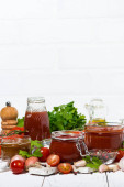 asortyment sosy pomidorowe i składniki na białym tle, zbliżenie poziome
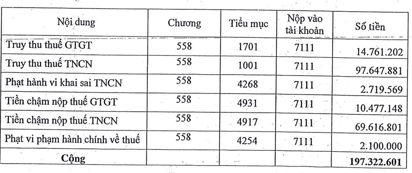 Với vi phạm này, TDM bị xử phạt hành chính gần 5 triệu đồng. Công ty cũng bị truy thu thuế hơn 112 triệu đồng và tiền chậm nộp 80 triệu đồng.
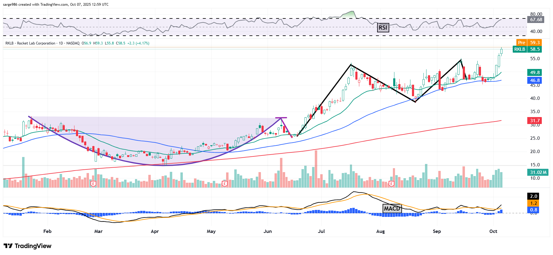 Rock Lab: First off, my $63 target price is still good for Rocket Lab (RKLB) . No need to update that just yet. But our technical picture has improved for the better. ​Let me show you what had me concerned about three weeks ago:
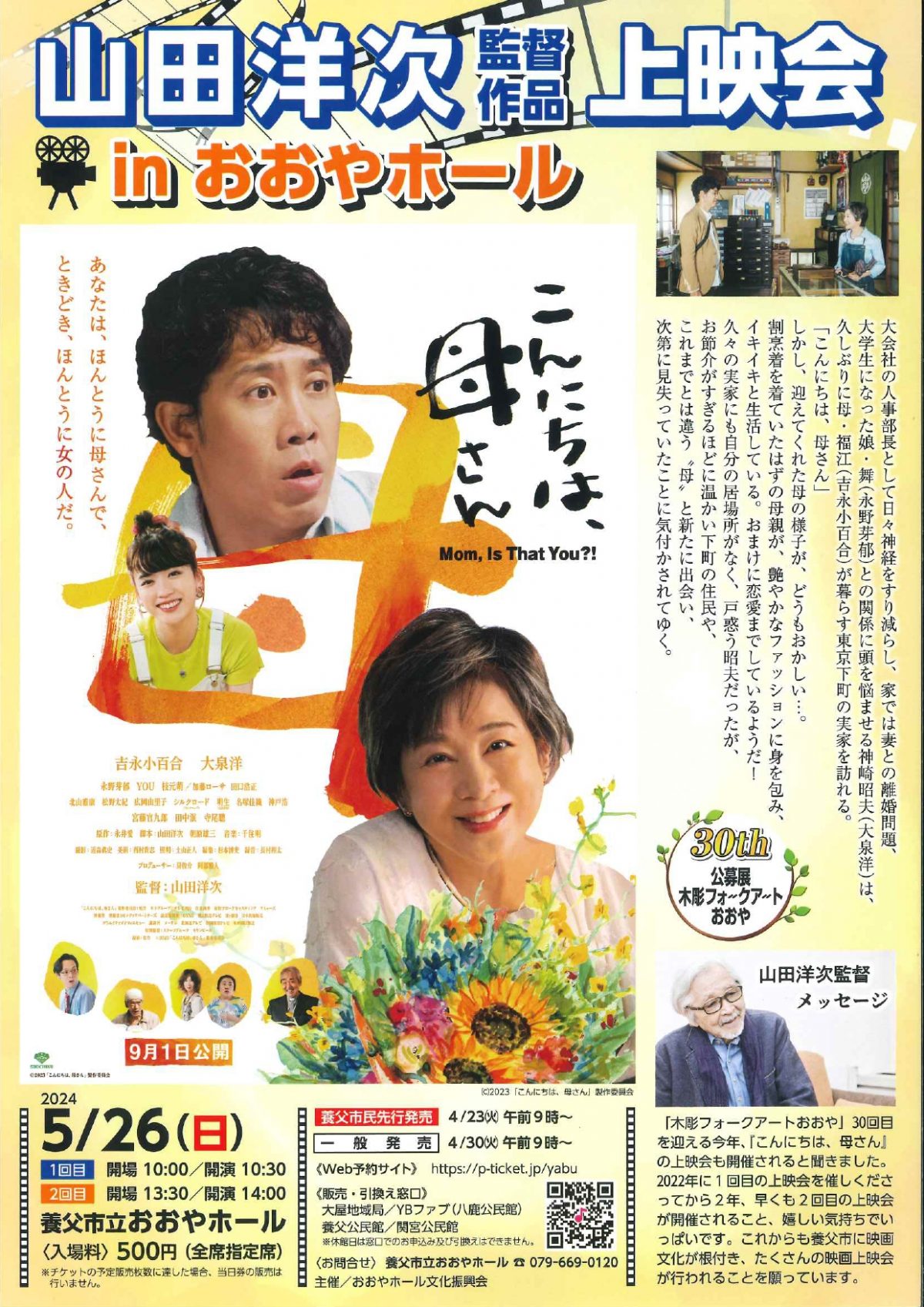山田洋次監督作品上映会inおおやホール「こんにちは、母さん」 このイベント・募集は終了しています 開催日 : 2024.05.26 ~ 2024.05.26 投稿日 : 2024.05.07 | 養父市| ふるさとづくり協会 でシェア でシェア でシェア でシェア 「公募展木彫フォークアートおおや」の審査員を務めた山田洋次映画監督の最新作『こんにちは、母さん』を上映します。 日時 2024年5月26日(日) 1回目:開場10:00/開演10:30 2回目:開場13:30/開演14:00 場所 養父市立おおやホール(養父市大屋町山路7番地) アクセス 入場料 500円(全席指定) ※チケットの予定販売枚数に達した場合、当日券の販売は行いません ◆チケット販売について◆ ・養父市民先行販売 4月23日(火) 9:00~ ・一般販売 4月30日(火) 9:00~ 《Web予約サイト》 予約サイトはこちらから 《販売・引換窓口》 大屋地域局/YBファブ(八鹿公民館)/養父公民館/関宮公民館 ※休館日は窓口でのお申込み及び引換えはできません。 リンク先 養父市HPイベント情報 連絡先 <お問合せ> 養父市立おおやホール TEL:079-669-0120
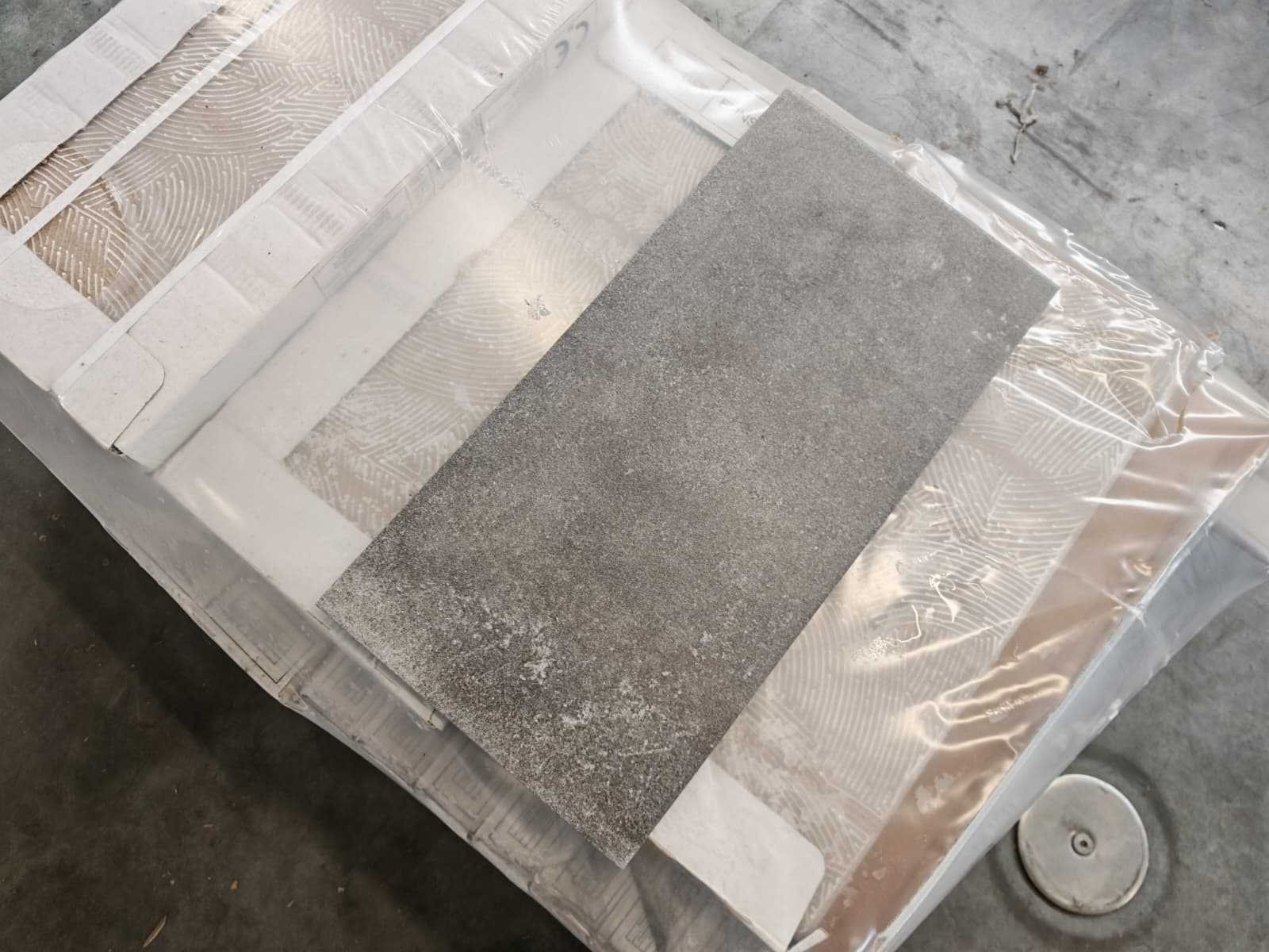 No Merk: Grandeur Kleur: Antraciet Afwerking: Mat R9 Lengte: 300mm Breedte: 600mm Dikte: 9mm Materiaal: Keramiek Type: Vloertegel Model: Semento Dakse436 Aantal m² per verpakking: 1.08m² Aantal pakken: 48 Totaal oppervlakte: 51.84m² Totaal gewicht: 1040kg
----
* [EXERCISE PROMPT] Would you write out all of the records exactly, omitting the pictures?

* [EXERCISE RESULT]
 asortyment sosy pomidorowe i składniki na białym tle, zbliżenie poziome
 Với vi phạm này, TDM bị xử phạt hành chính gần 5 triệu đồng. Công ty cũng bị truy thu thuế hơn 112 triệu đồng và tiền chậm nộp 80 triệu đồng.
 Rock Lab: First off, my $63 target price is still good for Rocket Lab (RKLB) . No need to update that just yet. But our technical picture has improved for the better. ​Let me show you what had me concerned about three weeks ago:
山田洋次監督作品上映会inおおやホール「こんにちは、母さん」 このイベント・募集は終了しています 開催日 : 2024.05.26 ~ 2024.05.26 投稿日 : 2024.05.07 | 養父市| ふるさとづくり協会 でシェア でシェア でシェア でシェア 「公募展木彫フォークアートおおや」の審査員を務めた山田洋次映画監督の最新作『こんにちは、母さん』を上映します。 日時 2024年5月26日(日) 1回目:開場10:00/開演10:30 2回目:開場13:30/開演14:00 場所 養父市立おおやホール(養父市大屋町山路7番地) アクセス 入場料 500円(全席指定) ※チケットの予定販売枚数に達した場合、当日券の販売は行いません ◆チケット販売について◆ ・養父市民先行販売 4月23日(火) 9:00~ ・一般販売 4月30日(火) 9:00~ 《Web予約サイト》 予約サイトはこちらから 《販売・引換窓口》 大屋地域局/YBファブ(八鹿公民館)/養父公民館/関宮公民館 ※休館日は窓口でのお申込み及び引換えはできません。 リンク先 養父市HPイベント情報 連絡先 <お問合せ> 養父市立おおやホール TEL:079-669-0120
 No Merk: Grandeur Kleur: Antraciet Afwerking: Mat R9 Lengte: 300mm Breedte: 600mm Dikte: 9mm Materiaal: Keramiek Type: Vloertegel Model: Semento Dakse436 Aantal m² per verpakking: 1.08m² Aantal pakken: 48 Totaal oppervlakte: 51.84m² Totaal gewicht: 1040kg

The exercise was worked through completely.